« Ind. Decisions - 7th Circuit issues one Indiana opinion today | Main | Ind. Courts - Don't you just love it? »

Wednesday, May 17, 2006

Law - "Justices to Hear Environmental Appeal on EPA Emissions Rule"

"Justices to Hear Environmental Appeal on EPA Emissions Rule" was the headline to a story yesterday in the Washington Post by Charles Lane. His report expands upon a this ILB entry from Monday (final item). Some quotes from the Lane story:

The Supreme Court announced yesterday that it will review a controversial federal court ruling that environmentalists had said would weaken pollution-control requirements for aging power stations across the country.

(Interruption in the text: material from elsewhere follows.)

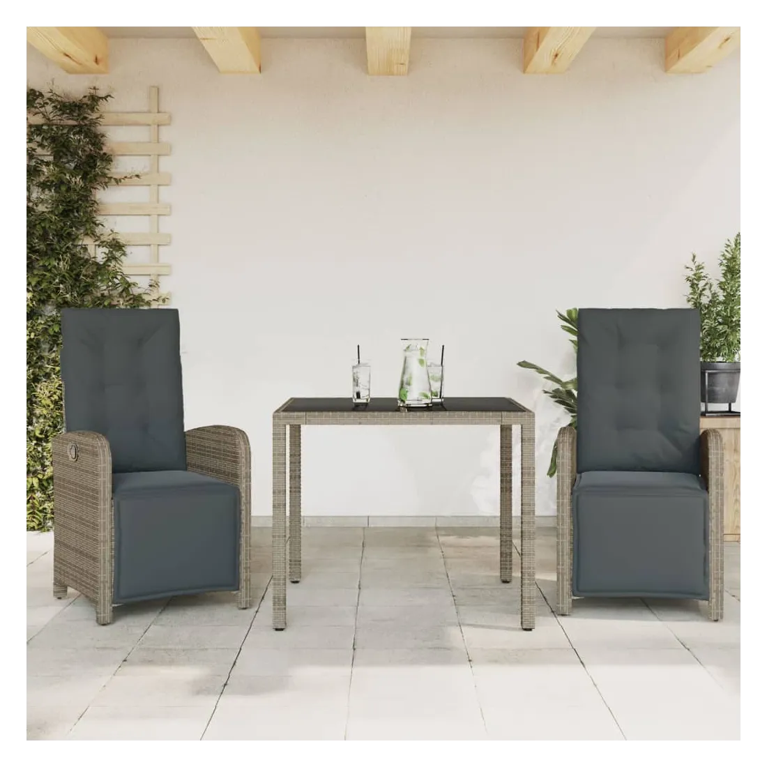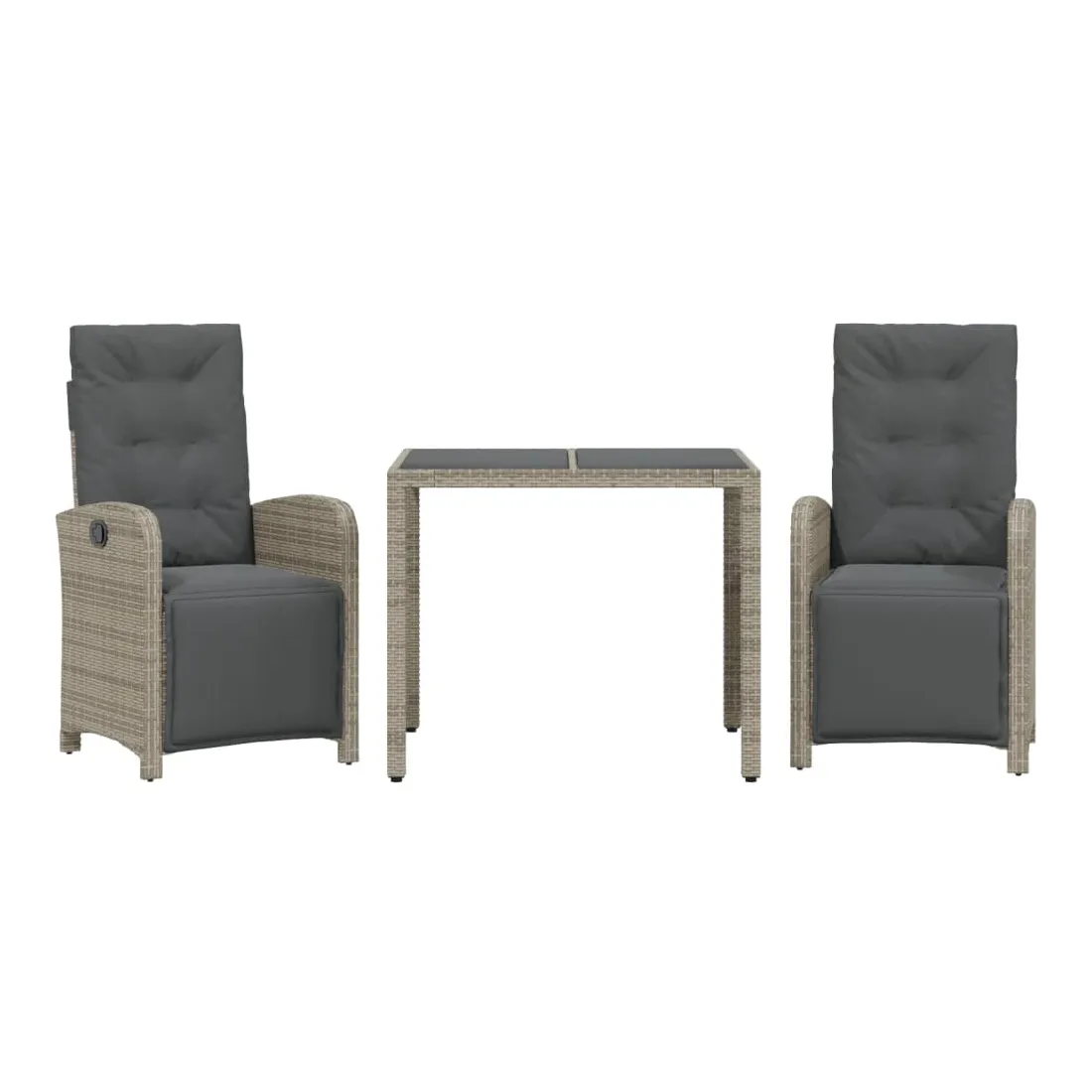 vidaXLSavourez une tasse de café ou discutez avec votre famille et vos amis dans le jardin, l'arrière-cour ou sur le balcon avec cet ensemble de bistro confortable ! Matériau durable : la résine tressée, également connue sous le nom de poly rotin, est un matériau synthétique solide et nécessitant peu d'entretien qui ressemble au rotin naturel. Il est léger, facile à nettoyer et couramment utilisé pour les meubles d'extérieur en raison de sa durabilité et de ses propriétés de résistance aux intempéries.Dossier et repose-pied réglables : ce siège de jardin est doté d'une poignée. Vous pouvez régler le dossier et le repose-pied dans n'importe quelle position en tirant sur la poignée, et les remettre rapidement dans leur position initiale.Expérience d'assise confortable : ce mobilier d'extérieur, doté de coussins épais, offre une expérience d'assise confortable.Housse amovible et lavable : ces coussins de siège sont dotés de housses amovibles pour un lavage et un entretien faciles. Les coussins de dossier ont un rabat à l'arrière pour une fixation facile aux dossiers.Dessus en verre : le dessus de la table d'extérieur est fabriqué en verre trempé solide et durable, ce qui le rend facile à nettoyer avec un chiffon humide et ajoute une touche d'élégance à votre espace extérieur. Bon à savoir :Pour que vos meubles d'extérieur restent beaux, nous vous recommandons de les protéger avec une housse imperméable.

In a one-line order, the justices said they will hear Environmental Defense's appeal of a June 2005 ruling by the U.S. Court of Appeals for the 4th Circuit, based in Richmond, which said that Duke Energy Corp., a North Carolina utility, could operate refurbished power plants even though their total annual emissions would go up.

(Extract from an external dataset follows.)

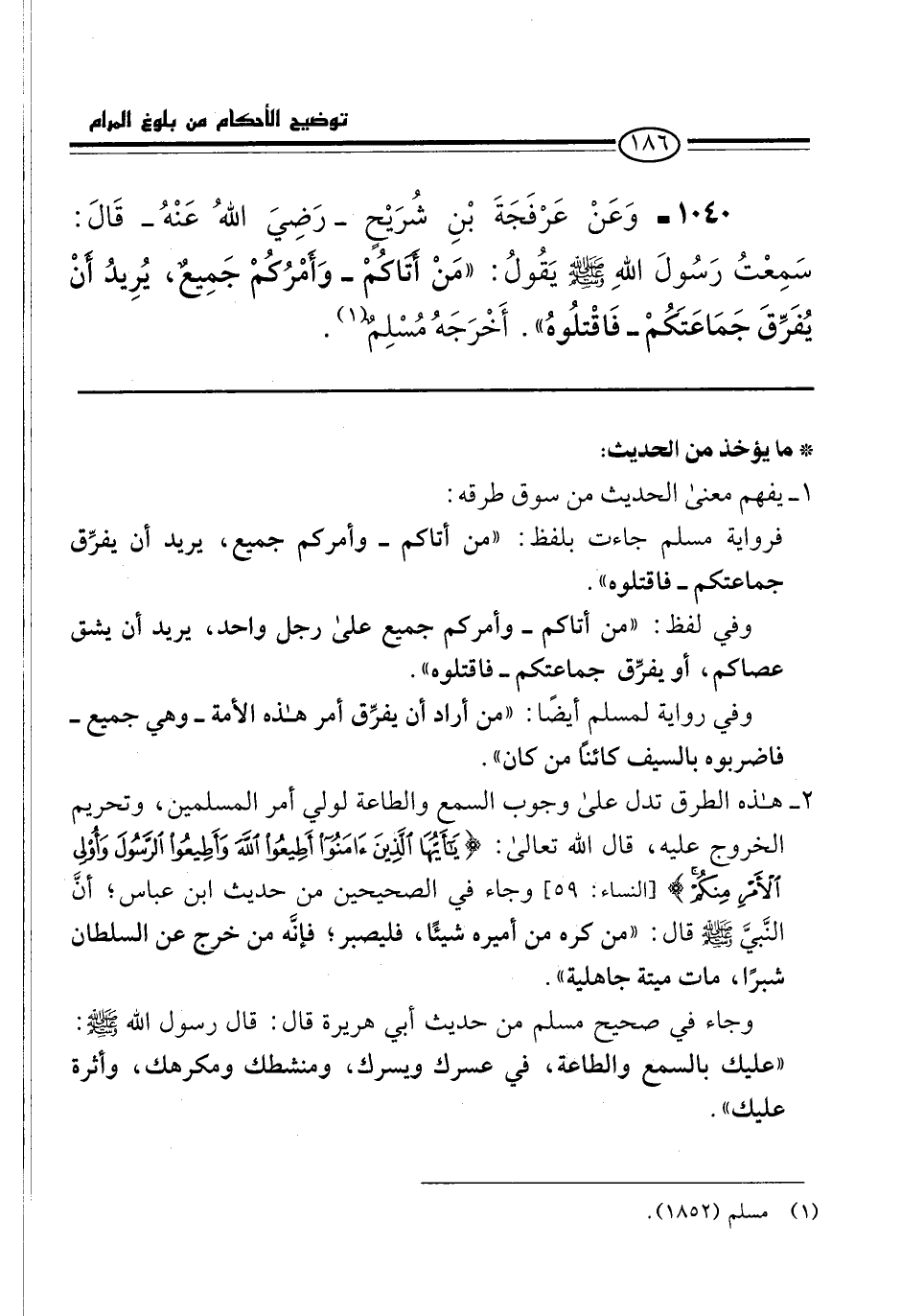 1040 - وَعَنْ عَرْفَجَةَ بْنِ شُرَيْحٍ -رَضِيَ اللهُ عَنْهُ- قَالَ: سَمِعْتُ رَسُولَ اللهِ -صلى الله عليه وسلم- يقُولُ: "مَنْ أَتَاكُمْ -وَأَمْرُكُمْ جَمِيعٌ، يُرِيدُ أَنْ يُفَرِّقَ جَمَاعَتَكُمْ- فَاقْتلُوه". أَخْرَجَهُ مُسْلِمٌ (¬1).

The court's decision injects the justices into a half-decade-old battle between environmentalists and the Bush administration, which has sought to ease what it says is an excessive regulatory burden on the nation's utilities. * * *

In the case the court agreed to hear yesterday, Environmental Defense v. Duke Energy Corp. , No. 05-848, the specific question is how to measure utilities' compliance with the Environmental Protection Agency's "new source review" rules, which govern emissions from plants that have been modernized or expanded. * * *

The EPA's position traditionally has been that the Clean Air Act requires modified plants to reduce their total annual emissions, and Environmental Defense says that interpretation is correct.

But the 4th Circuit disagreed and said that plants should only have to show a reduction in their hourly rate of emissions. This was a victory for utilities because they could run their updated plants for many more hours than previously.

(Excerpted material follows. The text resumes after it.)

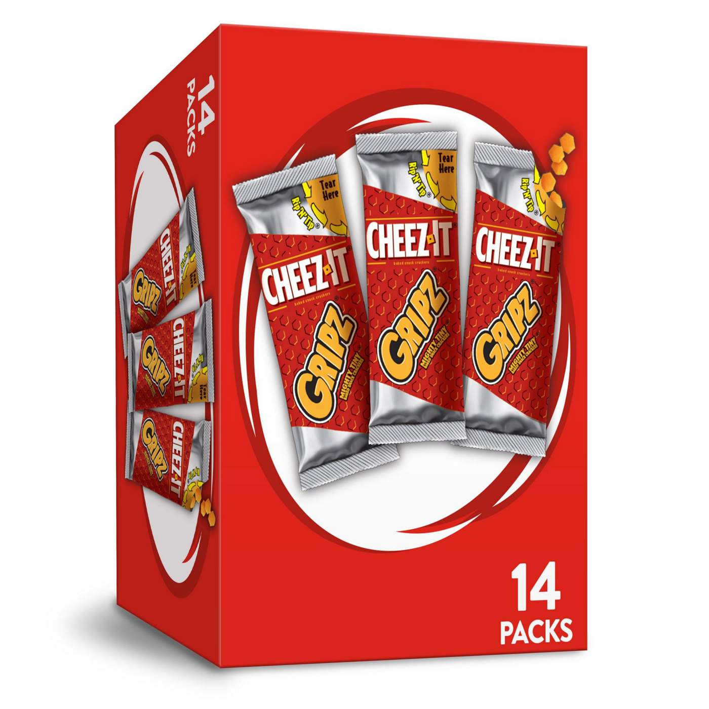 Get a grip on cheesy bliss with mighty tiny Cheez-It Gripz Original baked snack crackers. These mini, munchable crackers are packed with flavor and ignite cheese-induced happiness in every crunchy handful. Each pouch is filled with the real, bold cheese flavor you’d expect from your favorite Cheez-It crackers. Next level munching begins with the easy-open pouch that’s meant to be poured by the handful; Need a direct path to cheesiness? Grip, rip, and tip these crackers for a flow of cheddar crunch. You’ll be snacking like a boss. They’re clutch for no-mess snacking and slide into the side of backpacks for an anytime cheese craving. Pack these crackers in lunch boxes, devour as an afternoon snack, grab some for a study break, or share with your squad after the game (if you’re feeling generous). Forget the boring snacks - Cheez-It Gripz mighty tiny baked snack crackers fill your hand and dreams with a cheesy flavor explosion.• Mighty, tiny, and irresistibly snackable, Cheez-It Gripz crackers are just the right size for munching by the handful; Mega cheese, mighty tiny• Easy-open Rip ‘n’ Tip pouch; Pour in your hand for a no-mess, on-the-go snack that’s bold, crunchy, and cheesy• Made with 100% real cheese; Kosher dairy; Contains wheat, milk, and soy ingredients • Slim pouch fits easily into backpacks and gym bags; Great for a lunch snack attack; Stock your pantry for a quick afterschool bite or share after the game • Includes 1, 10.8oz box containing 12, 0.9oz pouches of ready-to-eat crackers • SNAP and EBT eligible item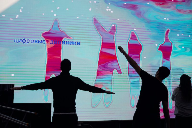 На Петербургском международном экономическом форуме компания «Газпром нефть», совместно с художником Максимом Жестковым, запустила арт-проект «Цифровые двойники». Центральная часть стенда компании – медиафасад, на котором нейросеть создаёт визуальные динамические копии участников форума.

The case against Duke Energy was one of many initiated by the EPA across the country in the waning days of the Clinton administration.

The Clinton crackdown was bitterly opposed by utilities, and the Bush administration promised to change EPA enforcement policy.

But the EPA continued to press cases that were already pending when the administration took office in 2001, so the Bush EPA and Environmental Defense had been on the same side of the Duke Energy case until the 4th Circuit's ruling.

After the 4th Circuit ruled, the administration proposed new clean air regulations that incorporated the 4th Circuit's decision and would have applied it across the country.

Then the administration asked the Supreme Court not to intervene in the case. The court's decision to take the case over the administration's objection was a surprise; since the adoption of modern environmental legislation in 1970, the court had agreed to hear just two previous cases in which an environmental group was the petitioner.